Task statement –
Up to and including the line that contains "师傅修补东21栋楼顶渗水裂缝", repeat the entries below exactly from the first line on. Do not carry over any pictures.

Given entries –
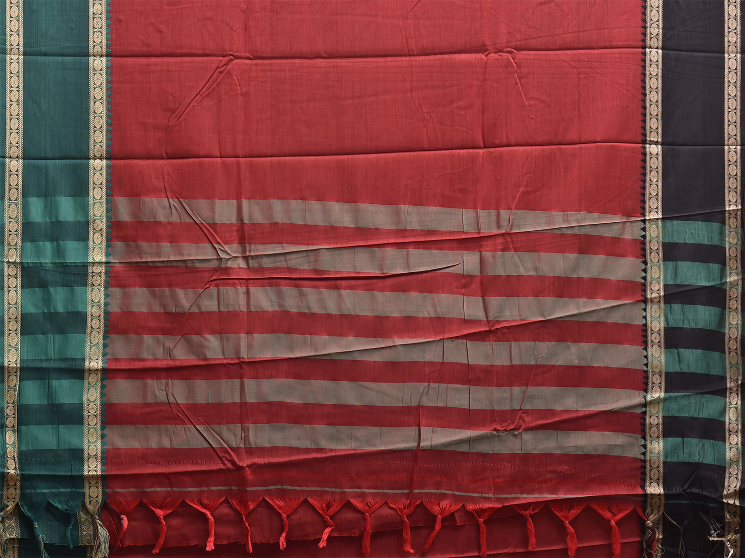 Red Kanchipuram Cotton Saree with Ganga-Jamuna Border Design No Blouse k1016
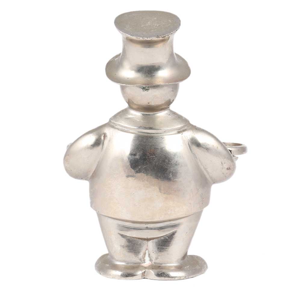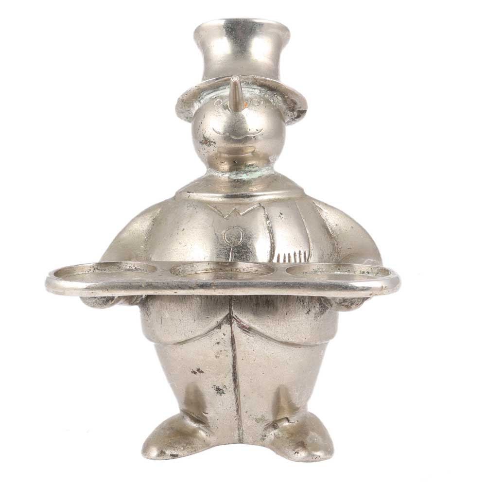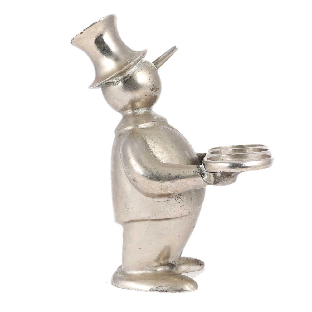 Handmade Silver Brass Fat Man Statue Wearing Hat Holding Long Tray
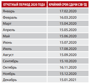 Отчетные даты для СЗВ-ТД в 2020 году с учетом переносов представлены ниже:
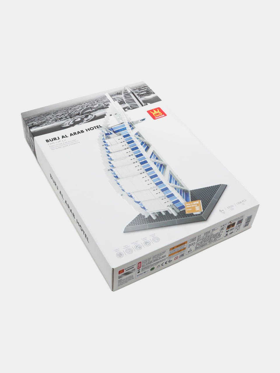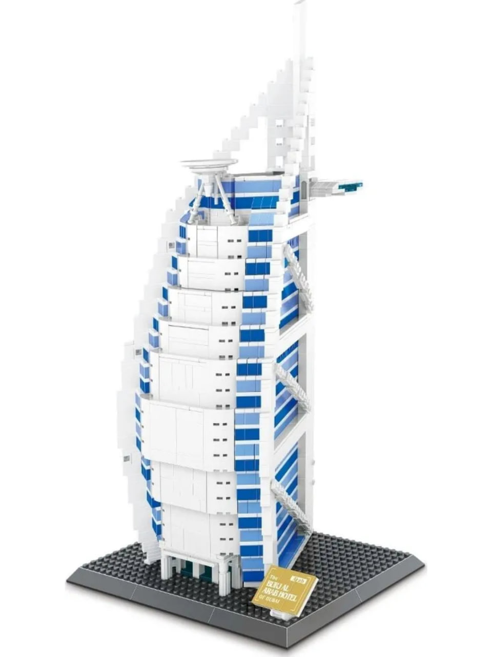 Model mashhur Burj al Arab mehmonxonasining kichik nusxasini tashkil qiladi. Bu otel sun'iy orolda joylashgan va dunyoning turli burchaklaridan odamlar tashrif buyuradigan joy hisoblanadi. Endi siz ushbu obidaning mini-versiyasini o‘zingiz yig‘ishingiz mumkin.
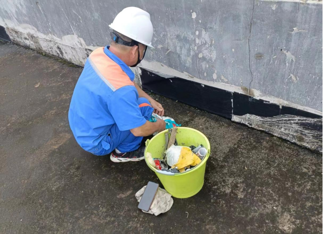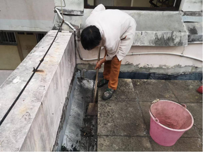 师傅修补东21栋楼顶渗水裂缝
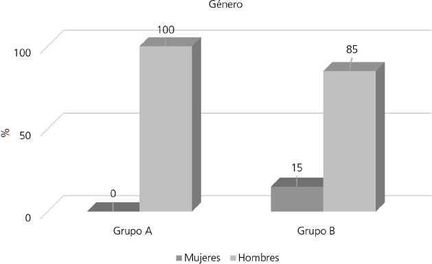 La muestra la conformaron 34 estudiantes en un rango de edad entre 17 y 21 años, para formar dos grupos de control para medir el aprendizaje: el A, constituido por 14 hombres, de los programas de Ingeniería de sistemas, Electrónica, Industrial, Mecánica y transferencias, y el grupo B, conformado por 17 hombres y 3 mujeres del programa de Ingeniería de sistemas, de manera que, por género, los hombres tuvieron la mayor participación en ambos grupos (Figura 1).
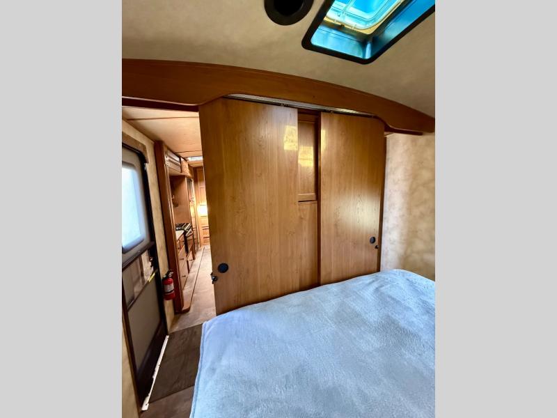 The front bedroom greets you with a queen bed, shirt closets, and an overhead cabinet.
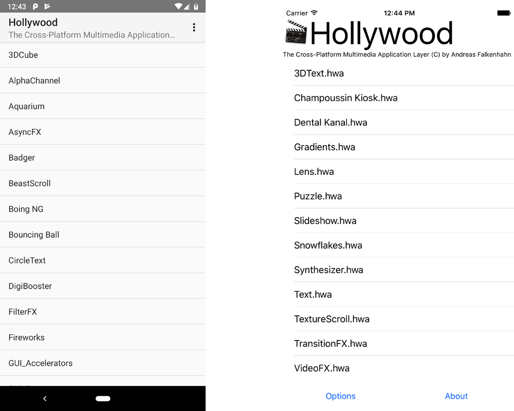 Hollywood is also available as a player-only version for Android and iOS which allows you to run your Hollywood applets on smartphones and tablets. The Hollywood Player for Android requires at least Android 4.0 and is freely available on Google Play at this URL: http://play.google.com/store/apps/details?id=com.airsoftsoftwair.hollywood. Unfortunately, the Hollywood Player for iOS is currently not available on the App Store because its capabilities seem to conflict with Apple's App Store rules.
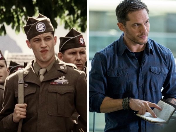 Том Харди появился в образе рядового Джона Яновеча в двух эпизодах сериала «Братья по оружию».
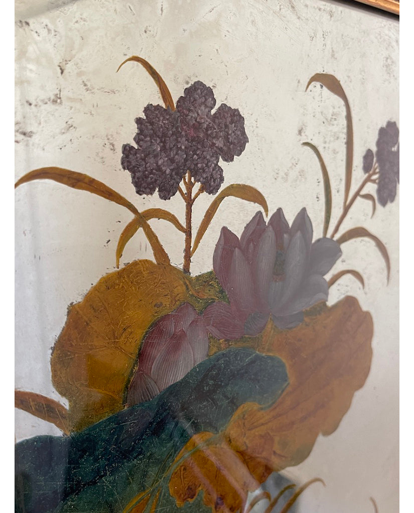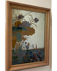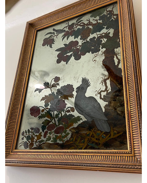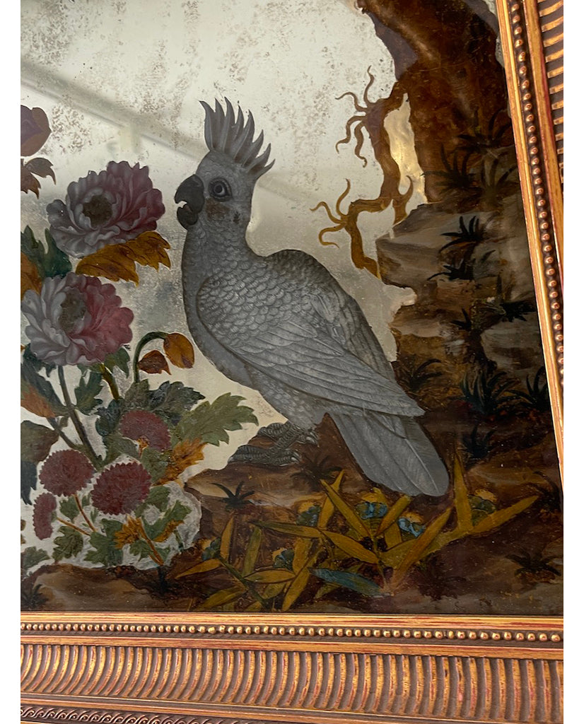 each reverse glass painted mirror depicting various birds amongst flowering and fruiting branches inset into gilt decorated frames
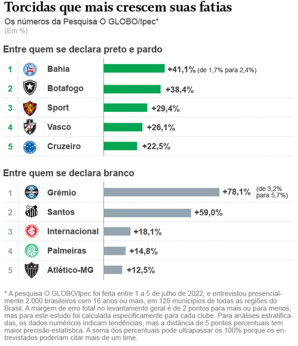 Para além do azul, vermelho e branco, o preto é cor fundamental no Bahia. Torcida que mais se destaca no recorte por raça ou cor da pele da pesquisa O GLOBO/Ipec, os tricolores veem sua fatia nacional crescer mais de 40% entre os negros. No geral, o Bahia foi a 12ª torcida mais citada, com 1,7%. Entre quem se declara preto ou pardo, a classificação sobe para 7º, com 2,4% (entre os brancos, fica apenas em 13º, com menos de 1,5%).
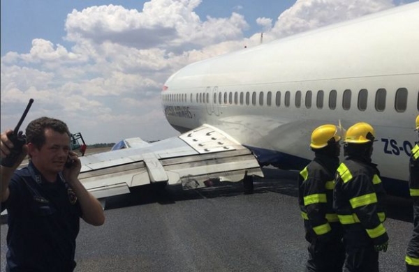南非商务航空公司发布声明称:“一架注册号为ZS-OAA的波音737-400飞机起落架着陆不久后折断,机组人员发现飞机产生了不同寻常的震动。南非机场公司(ACSA)紧急救援人员即刻赶往现场援助,帮助乘客和机组人员安全离开飞机。”
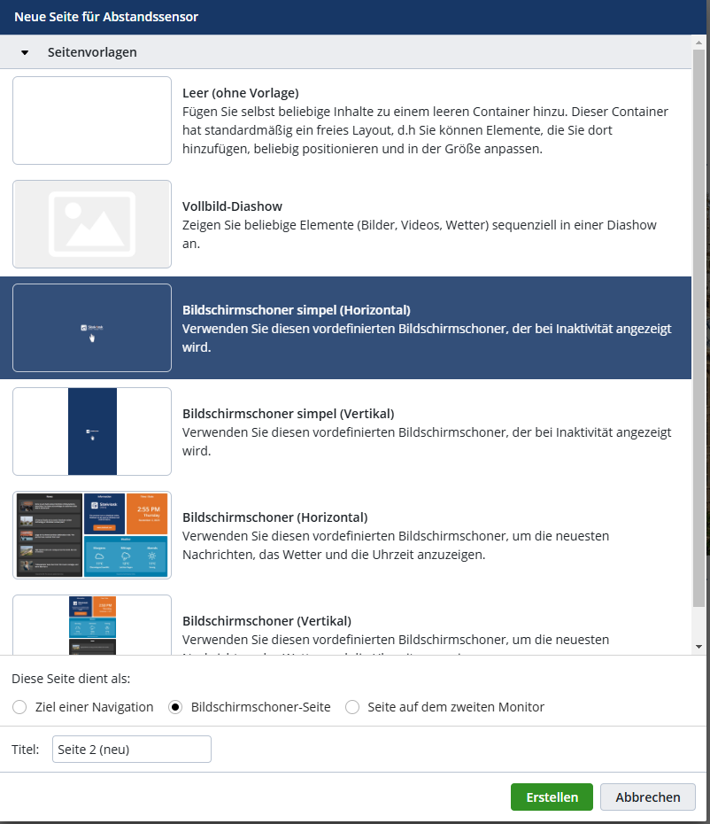 2. In diesem Beispiel wurde die Vorlage „Bildschirmschoner simpel (Horizontal)“ ausgewählt. Achten Sie darauf, dass in der Auswahlzeile „Diese Seite dient als:“ die Option „Bildschirmschoner-Seite“ ausgewählt ist. Elemente können ebenfalls als Bildschirmschoner verwendet werden, hierfür muss am gewünschten Element die Anzeigebedingung manuell angepasst werden (Bildschirmschoner (Benutzer inaktiv) für alle Seiten und Elemente)
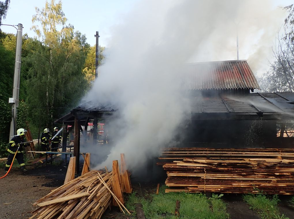 Hasiči bojovali s požárem pily v obci Desná
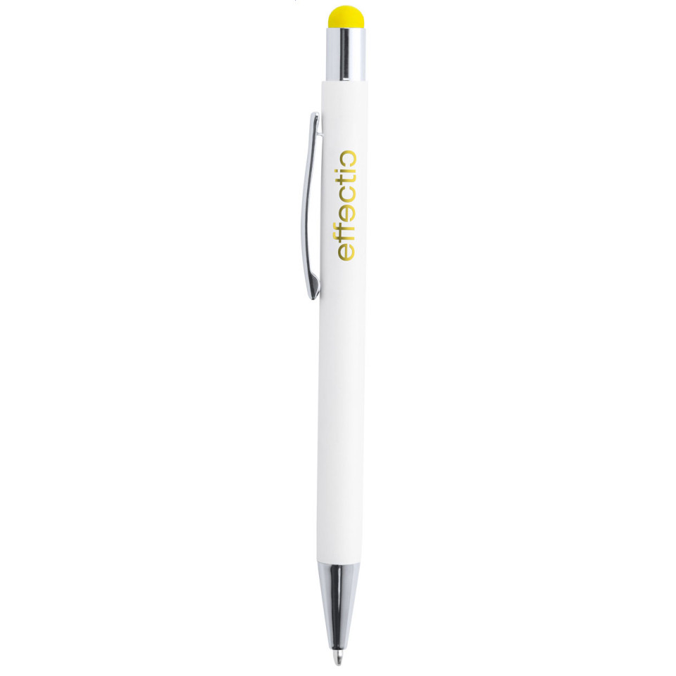 Aluminium touchscreen en balpen Wirly met speciale coating voor gekleurde gravures. Deze dual-function pen biedt zowel schrijfcomfort als touchscreen functionaliteit, ideaal voor dagelijks professioneel gebruik.
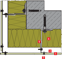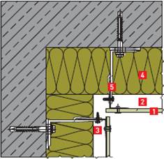 Рисунок 2. а – Дефект тонкого сечения, б – Дефект углового сечения: 1 – облицовочная панель, 2 – вентилируемая воздушная прослойка, 3 – крепежный элемент, 4 – теплоизоляционный материал, 5 – элементы подконструкции
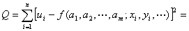 所谓最小二乘法,就是要求上面n个误差在平方和最小的意义下,使得函数u =f (a1 ,a2 ,···, am ; x , y ,···)与观测值u1 , u2 , ··· ,un最佳拟合。也就是参数a1 ,a2 ,··· ,am应使
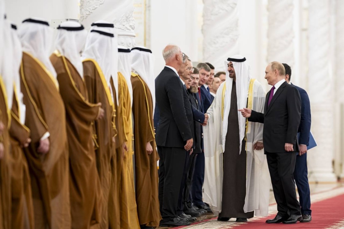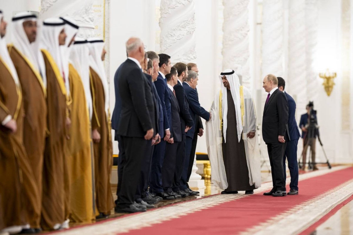 وكان صاحب السمو رئيس الدولة قد وصل إلى الكرملين في وقت سابق، حيث كان في استقباله الرئيس الروسي، وتم عزف السلام الوطني للبلدين، وصافح سموه كبار مستقبليه، فيما صافح الرئيس الروسي الوفد المرافق لسموه.
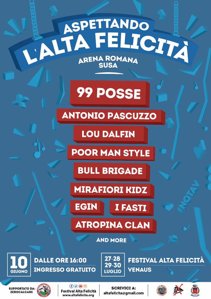 L'Associazione Alta Felicità organizza sabato 10 giugno, a partire dalle ore 16.00, con ingresso gratuito, presso l'Arena Romana di Susa, un concerto dal titolo "Aspettando l'Alta Felicità", il cui Festival avrà luogo a Venaus dal 27 al 30 luglio.
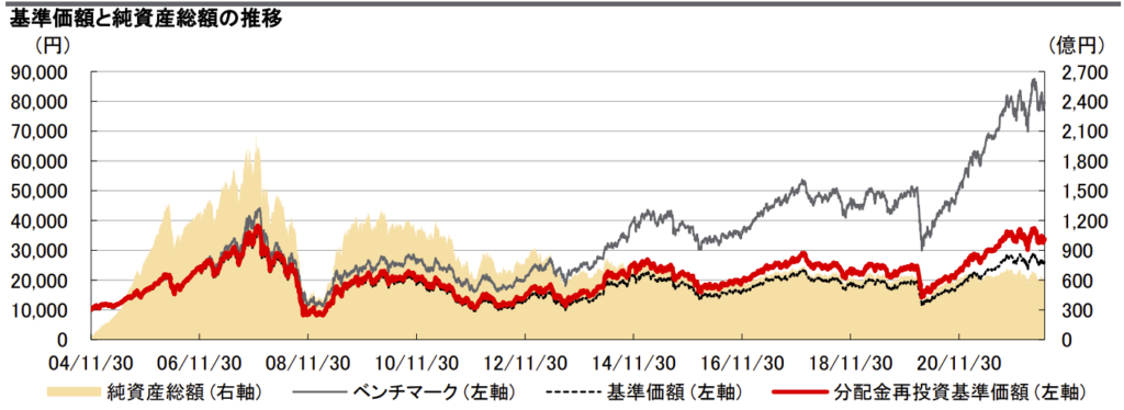 明確にベンチマークに負けていますね。購入手数料も管理費も高いです。
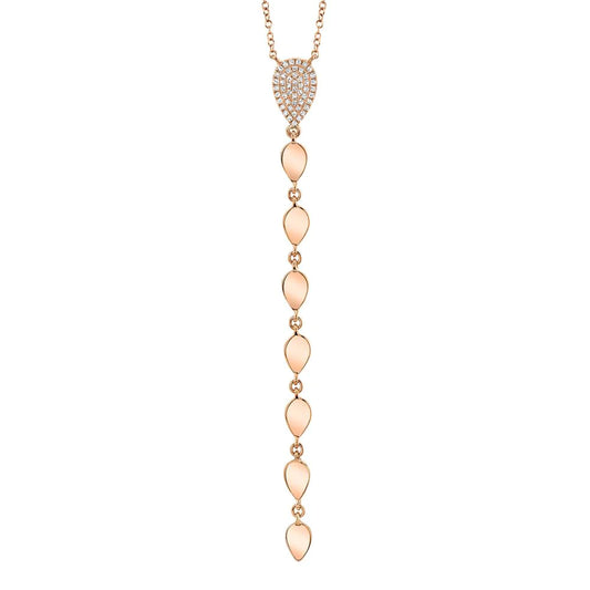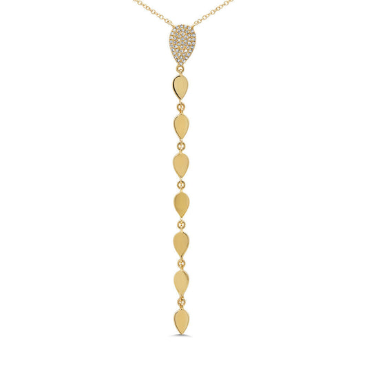 14K Gold 0.11 CT Diamond Lariat Necklace Pear Teardrop Pave Set Round Cut Natural
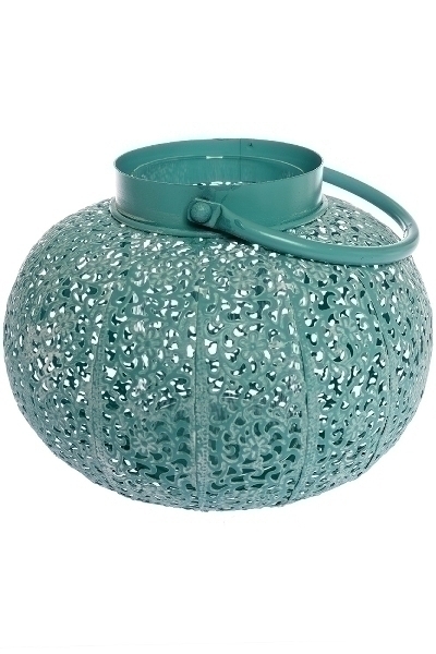Die große Orient Laterne Lale ist aus Metall, Türkis lackiert und mit Henkel. Der Glaseinsatz ist herausnehmbar. Die schönen gestanzten Ornamente im orientalischen Stil sind ein weiteres Highlight dieser Laterne und geben ihrem Zuhause oder Garten einen besonderen Touch.

Worked solution –
 Red Kanchipuram Cotton Saree with Ganga-Jamuna Border Design No Blouse k1016
 Handmade Silver Brass Fat Man Statue Wearing Hat Holding Long Tray
 Отчетные даты для СЗВ-ТД в 2020 году с учетом переносов представлены ниже:
 Model mashhur Burj al Arab mehmonxonasining kichik nusxasini tashkil qiladi. Bu otel sun'iy orolda joylashgan va dunyoning turli burchaklaridan odamlar tashrif buyuradigan joy hisoblanadi. Endi siz ushbu obidaning mini-versiyasini o‘zingiz yig‘ishingiz mumkin.
 师傅修补东21栋楼顶渗水裂缝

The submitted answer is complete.